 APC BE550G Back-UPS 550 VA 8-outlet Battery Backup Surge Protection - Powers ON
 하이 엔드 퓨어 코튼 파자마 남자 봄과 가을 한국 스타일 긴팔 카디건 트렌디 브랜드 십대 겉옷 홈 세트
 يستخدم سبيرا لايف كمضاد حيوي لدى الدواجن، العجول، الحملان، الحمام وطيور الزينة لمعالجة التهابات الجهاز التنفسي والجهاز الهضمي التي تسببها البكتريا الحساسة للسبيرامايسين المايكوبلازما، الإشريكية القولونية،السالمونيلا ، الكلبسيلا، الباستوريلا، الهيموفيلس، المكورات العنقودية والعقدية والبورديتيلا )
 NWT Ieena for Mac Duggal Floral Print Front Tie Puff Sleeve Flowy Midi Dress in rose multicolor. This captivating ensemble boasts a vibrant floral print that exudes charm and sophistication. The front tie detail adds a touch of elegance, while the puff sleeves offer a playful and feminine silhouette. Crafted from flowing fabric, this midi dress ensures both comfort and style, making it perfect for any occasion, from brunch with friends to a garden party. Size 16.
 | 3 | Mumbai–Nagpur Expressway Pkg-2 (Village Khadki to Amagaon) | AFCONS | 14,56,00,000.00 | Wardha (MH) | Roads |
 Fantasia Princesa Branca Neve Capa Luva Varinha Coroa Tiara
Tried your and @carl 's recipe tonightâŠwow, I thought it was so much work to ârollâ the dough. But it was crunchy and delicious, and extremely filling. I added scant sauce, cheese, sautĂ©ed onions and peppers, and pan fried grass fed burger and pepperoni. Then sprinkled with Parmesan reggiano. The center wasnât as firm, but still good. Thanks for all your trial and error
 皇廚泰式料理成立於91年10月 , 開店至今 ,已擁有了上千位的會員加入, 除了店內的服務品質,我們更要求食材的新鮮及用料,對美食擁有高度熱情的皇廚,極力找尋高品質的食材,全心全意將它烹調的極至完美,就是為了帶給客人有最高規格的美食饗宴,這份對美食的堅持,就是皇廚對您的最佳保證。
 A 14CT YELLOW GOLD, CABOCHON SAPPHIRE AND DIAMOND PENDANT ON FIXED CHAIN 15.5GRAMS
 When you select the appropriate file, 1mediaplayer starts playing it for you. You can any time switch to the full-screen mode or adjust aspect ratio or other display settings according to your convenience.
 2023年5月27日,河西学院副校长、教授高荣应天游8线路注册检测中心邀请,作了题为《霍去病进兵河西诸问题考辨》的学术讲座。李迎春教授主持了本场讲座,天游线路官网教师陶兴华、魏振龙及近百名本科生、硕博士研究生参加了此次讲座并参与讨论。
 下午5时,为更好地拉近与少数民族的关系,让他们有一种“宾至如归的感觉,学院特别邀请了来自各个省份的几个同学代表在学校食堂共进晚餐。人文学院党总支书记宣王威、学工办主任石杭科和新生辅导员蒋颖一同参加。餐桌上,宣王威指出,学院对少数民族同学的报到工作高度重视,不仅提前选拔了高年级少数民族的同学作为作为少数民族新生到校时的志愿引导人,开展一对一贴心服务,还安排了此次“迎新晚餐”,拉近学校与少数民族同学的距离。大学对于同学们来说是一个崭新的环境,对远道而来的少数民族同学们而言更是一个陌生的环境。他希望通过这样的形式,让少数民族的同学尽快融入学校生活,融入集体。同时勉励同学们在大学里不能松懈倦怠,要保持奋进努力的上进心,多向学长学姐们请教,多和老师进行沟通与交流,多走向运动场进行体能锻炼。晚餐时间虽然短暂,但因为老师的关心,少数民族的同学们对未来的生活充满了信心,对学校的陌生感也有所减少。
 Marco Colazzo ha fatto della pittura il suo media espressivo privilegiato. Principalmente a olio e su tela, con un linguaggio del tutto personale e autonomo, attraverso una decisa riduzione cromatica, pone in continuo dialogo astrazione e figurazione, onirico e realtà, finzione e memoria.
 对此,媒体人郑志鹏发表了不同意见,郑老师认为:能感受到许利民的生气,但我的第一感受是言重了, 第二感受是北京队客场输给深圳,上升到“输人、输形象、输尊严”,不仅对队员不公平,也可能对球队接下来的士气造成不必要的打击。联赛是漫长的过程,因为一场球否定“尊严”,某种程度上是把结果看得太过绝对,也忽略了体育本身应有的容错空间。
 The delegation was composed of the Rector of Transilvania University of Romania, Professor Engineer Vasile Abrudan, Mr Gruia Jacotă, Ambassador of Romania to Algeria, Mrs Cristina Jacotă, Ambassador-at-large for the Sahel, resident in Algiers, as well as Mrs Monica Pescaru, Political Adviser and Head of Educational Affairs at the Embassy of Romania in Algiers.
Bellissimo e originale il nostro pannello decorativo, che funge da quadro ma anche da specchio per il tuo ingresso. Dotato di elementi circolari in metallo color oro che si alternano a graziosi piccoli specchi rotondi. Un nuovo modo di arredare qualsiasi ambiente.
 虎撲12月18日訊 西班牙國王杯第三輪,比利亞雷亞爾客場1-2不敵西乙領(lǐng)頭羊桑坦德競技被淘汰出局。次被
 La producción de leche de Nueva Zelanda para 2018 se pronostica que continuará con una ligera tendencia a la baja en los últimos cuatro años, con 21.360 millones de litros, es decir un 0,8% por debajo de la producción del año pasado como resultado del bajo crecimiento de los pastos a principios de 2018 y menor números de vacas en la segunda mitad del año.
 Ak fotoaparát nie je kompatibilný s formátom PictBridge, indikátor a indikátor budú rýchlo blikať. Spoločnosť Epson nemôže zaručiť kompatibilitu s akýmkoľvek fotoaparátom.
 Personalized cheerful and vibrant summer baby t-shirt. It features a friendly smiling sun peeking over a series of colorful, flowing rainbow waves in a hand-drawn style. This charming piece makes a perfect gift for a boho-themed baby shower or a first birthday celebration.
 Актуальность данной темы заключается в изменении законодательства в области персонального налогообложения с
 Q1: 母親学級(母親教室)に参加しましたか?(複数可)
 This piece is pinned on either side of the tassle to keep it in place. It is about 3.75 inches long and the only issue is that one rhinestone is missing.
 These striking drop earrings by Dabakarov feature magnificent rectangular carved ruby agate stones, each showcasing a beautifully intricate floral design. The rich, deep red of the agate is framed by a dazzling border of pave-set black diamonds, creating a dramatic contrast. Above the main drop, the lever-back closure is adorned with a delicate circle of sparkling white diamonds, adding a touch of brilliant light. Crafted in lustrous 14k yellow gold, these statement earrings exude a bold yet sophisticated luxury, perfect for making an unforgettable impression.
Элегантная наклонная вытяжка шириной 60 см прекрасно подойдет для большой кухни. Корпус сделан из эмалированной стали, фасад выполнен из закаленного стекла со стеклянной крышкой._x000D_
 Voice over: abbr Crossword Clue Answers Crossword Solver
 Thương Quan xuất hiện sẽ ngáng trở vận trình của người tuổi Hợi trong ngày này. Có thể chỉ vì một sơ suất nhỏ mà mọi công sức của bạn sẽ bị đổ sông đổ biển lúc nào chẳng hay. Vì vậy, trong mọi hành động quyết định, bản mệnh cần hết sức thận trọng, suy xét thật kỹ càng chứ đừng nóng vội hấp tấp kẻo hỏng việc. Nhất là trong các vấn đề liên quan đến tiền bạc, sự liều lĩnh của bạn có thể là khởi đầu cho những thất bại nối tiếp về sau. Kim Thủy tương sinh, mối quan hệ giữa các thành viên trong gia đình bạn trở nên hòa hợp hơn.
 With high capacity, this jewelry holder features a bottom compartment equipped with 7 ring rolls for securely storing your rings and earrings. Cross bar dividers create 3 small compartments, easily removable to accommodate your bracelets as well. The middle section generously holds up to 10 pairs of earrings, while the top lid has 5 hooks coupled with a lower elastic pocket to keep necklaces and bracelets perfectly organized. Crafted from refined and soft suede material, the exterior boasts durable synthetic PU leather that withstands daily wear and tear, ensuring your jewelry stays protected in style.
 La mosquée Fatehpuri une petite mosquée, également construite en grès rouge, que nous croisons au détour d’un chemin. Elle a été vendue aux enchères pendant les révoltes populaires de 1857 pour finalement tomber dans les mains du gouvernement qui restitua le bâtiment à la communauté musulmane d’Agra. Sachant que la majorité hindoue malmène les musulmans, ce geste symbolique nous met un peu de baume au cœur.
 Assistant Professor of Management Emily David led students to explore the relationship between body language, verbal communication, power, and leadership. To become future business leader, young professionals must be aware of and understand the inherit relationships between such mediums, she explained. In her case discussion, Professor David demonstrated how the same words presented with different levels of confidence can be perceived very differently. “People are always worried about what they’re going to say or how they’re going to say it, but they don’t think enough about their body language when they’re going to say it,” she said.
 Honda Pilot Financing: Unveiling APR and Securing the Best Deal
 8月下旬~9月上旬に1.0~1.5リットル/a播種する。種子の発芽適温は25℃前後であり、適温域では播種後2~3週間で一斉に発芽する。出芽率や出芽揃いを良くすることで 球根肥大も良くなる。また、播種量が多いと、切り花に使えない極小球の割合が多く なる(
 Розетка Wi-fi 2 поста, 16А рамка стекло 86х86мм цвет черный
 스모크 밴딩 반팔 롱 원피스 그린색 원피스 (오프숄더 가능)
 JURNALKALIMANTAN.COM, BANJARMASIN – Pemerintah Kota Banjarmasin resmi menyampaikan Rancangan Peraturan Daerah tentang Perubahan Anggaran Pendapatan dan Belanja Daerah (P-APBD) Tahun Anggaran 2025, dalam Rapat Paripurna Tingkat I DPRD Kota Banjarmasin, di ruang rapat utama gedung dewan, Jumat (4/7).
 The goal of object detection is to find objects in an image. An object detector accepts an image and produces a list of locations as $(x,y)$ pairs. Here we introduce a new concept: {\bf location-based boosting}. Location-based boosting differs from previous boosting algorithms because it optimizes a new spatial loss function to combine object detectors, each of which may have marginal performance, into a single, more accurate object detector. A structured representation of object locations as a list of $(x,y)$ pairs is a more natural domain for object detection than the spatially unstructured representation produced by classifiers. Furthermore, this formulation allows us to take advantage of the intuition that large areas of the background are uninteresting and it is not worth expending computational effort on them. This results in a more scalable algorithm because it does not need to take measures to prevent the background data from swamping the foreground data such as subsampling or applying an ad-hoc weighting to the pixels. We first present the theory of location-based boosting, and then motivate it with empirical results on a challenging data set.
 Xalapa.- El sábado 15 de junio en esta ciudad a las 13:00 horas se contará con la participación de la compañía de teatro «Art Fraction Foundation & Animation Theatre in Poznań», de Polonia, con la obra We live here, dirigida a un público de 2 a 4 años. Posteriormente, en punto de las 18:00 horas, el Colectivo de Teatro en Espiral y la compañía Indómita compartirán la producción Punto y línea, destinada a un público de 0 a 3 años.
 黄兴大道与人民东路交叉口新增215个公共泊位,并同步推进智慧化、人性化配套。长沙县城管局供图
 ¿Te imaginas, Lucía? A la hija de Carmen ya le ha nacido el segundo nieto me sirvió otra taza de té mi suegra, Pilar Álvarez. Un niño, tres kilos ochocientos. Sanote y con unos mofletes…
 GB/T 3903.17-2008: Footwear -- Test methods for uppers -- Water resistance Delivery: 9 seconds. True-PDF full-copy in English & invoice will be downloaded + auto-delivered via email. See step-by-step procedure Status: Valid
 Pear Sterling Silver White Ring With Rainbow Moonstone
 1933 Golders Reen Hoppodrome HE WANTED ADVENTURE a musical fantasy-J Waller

Task brief
State how many lines of the records above contain the word "over", giving only that number.

Solved problem
2